B2C DX

Appearance

Migrating from sfcc-ci's JavaScript API

This guide is for users who call sfcc-ci programmatically via require('sfcc-ci') in Node.js scripts. If you only use the CLI, see the CLI migration guide instead.

Key Paradigm Shifts

Callbacks to async/await

sfcc-ci uses Node.js-style callbacks. The SDK uses Promises and async/await.

sfcc-ci:

javascript
const sfcc = require('sfcc-ci');

sfcc.code.list('my-instance.demandware.net', token, function (err, versions) {
  if (err) {
    console.error(err);
    return;
  }
  console.log(versions);
});

b2c-tooling-sdk:

typescript
import {listCodeVersions} from '@salesforce/b2c-tooling-sdk/operations/code';

const versions = await listCodeVersions(instance);
console.log(versions);

The SDK is TypeScript-first with full type definitions. All examples use TypeScript, but the SDK works in plain JavaScript (ESM) as well.
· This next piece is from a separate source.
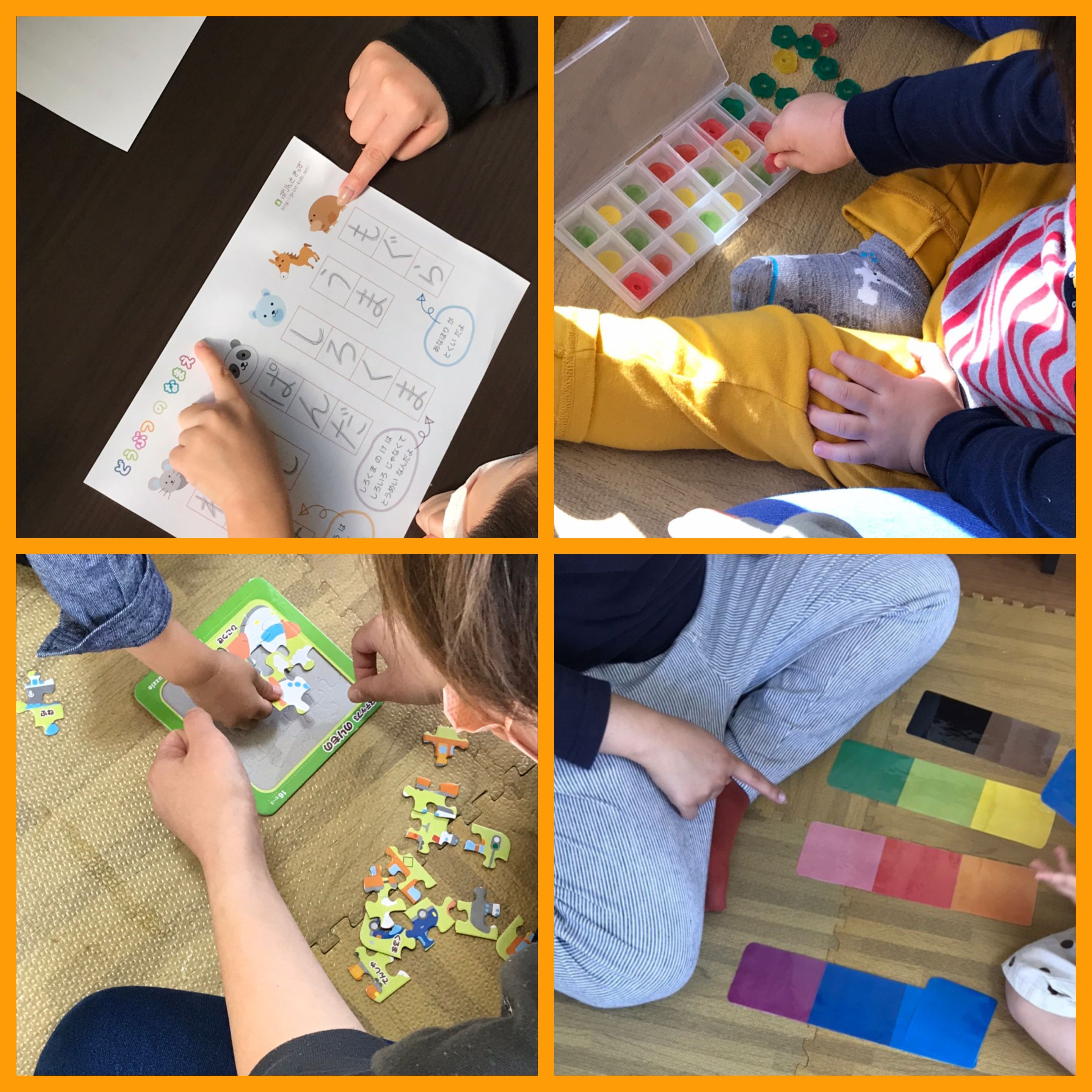 特性別に好きな感触や感覚を知り指先を使った細やかな作業を行い視覚+聴覚+触覚を大切に発達、習得に繋がるよう取り組んでます。

Token Passing to Config-Based Auth

With sfcc-ci you authenticate once, then thread the token through every call:

javascript
sfcc.auth.auth(clientId, clientSecret, function (err, token) {
  sfcc.code.list(instance, token, function (err, versions) {
    sfcc.job.run(instance, 'my-job', [], token, function (err, execution) {
      // ...
    });
  });
});

The SDK resolves credentials from dw.json, environment variables, or explicit overrides. You never pass a token — the SDK creates authenticated clients that handle token lifecycle internally:

typescript
import {resolveConfig} from '@salesforce/b2c-tooling-sdk/config';
import {createAccountManagerClient} from '@salesforce/b2c-tooling-sdk/clients';

const config = await resolveConfig();

// Instance operations (code, jobs, WebDAV, BM roles) use a B2CInstance
const instance = config.createB2CInstance();
const versions = await listCodeVersions(instance);

// Account Manager operations (users, AM roles, orgs) use a separate client
const amClient = createAccountManagerClient({}, config.createOAuth());
const users = await listUsers(amClient.users, {size: 25});

Both instance and amClient manage their own tokens — you never see or pass a token string. See the Authentication Setup guide for credential configuration details.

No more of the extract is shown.